Il n’y a pas lieu non plus d’être jovialiste lorsqu’on ajoute à ce tableau la tendance à l’anglicisation des élites universitaires des pays où les francophones sont majoritaires comme en France, au Québec et dans une moindre mesure en Belgique. Tous ces indicateurs nous amènent à penser que la francophonie est mal partie et qu’elle devrait recentrer ses priorités sur la promotion du français comme langue d’usage. Quelle pourra bien être la raison d’être de la francophonie lorsque le français sera confiné au territoire de la culture et sera délaissé lorsqu’il s’agira de produire et de prospérer ?

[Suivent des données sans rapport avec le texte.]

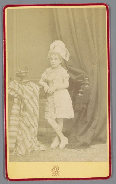 Curator: Let's consider this portrait by Walery, active between 1873 and 1885. What do you see? Editor: A wistful glance into another world. He's like a tiny diplomat sent from a fairytale court, burdened with secrets he can't quite articulate. The sepia tones enhance that dreamlike, slightly melancholic quality. Curator: It's an albumen print, a popular photographic process of the era, giving it that distinct tonality. The formal arrangement places the subject, an unidentified child, within an oval frame, focusing attention on his face and costume. Editor: The costume! Absolutely extraordinary. The details in the embroidery seem to dance even within this small space. A miniature symphony of stitches—all holding its breath. It feels rich and heavy with tradition and purpose. Curator: The clothing provides key information; note the detailing, which offers cultural context and could hint at the subject's background, even status. It serves to define the child, framing our understanding within its sartorial language. The materiality signifies identity and perhaps, aspiration. Editor: It’s beautiful, really beautiful, but I’m wondering who picked out the clothes and decided, at least for the moment of capture, that this child should hold history—and destiny—on his shoulders. How long did he actually stay in costume? Does he remember? What did it mean to *him*? I can't help but imagine his life off-camera, moments of play and dreams unburdened by garments heavy with representation. Curator: A valid observation, though, of course, those subjective interpretations lie beyond the strict scope of photographic evidence and compositional intent. Nonetheless, it is worth noticing how the formal choices are framed. Editor: I find my response framed with nostalgia. Curator: An emotional reaction speaks to art’s intrinsic power, as always, and even beyond analytical interpretation. Editor: Perhaps every portrait is equally about absence as it is presence?

Même s’il est toujours difficile de modifier la trajectoire d’une institution, il y aurait une façon et de corriger cette dérive expansionniste et de renforcer la cohérence de la francophonie en modifiant les statuts afin de créer deux catégories de membres : les membres de plein droit et les membres associés. Seuls seraient admis dans la première catégorie les États qui ont le français comme langue officielle, ou co-officielle ainsi que ceux qui accordent au français le statut de langue étrangère privilégiée ce qui impliquerait que le français y est enseigné comme langue seconde dans les établissements publics primaires et secondaires. Ainsi le français pourrait être plus au coeur des préoccupations et des misions de la francophonie. q
[1] OIF, La francophonie dans le monde 2006-2007, Paris, Nathan, 2007, p. 15.

[2] Pour ne pas affaiblir indûment cette proportion nous avons exclu les pays observateurs.

[3] Ces données ont été compilés à partir des statistiques fournies par l’UNESCO et celles que l’ont trouve dans La francophonie dans le monde : 2006-2007, chap. 3.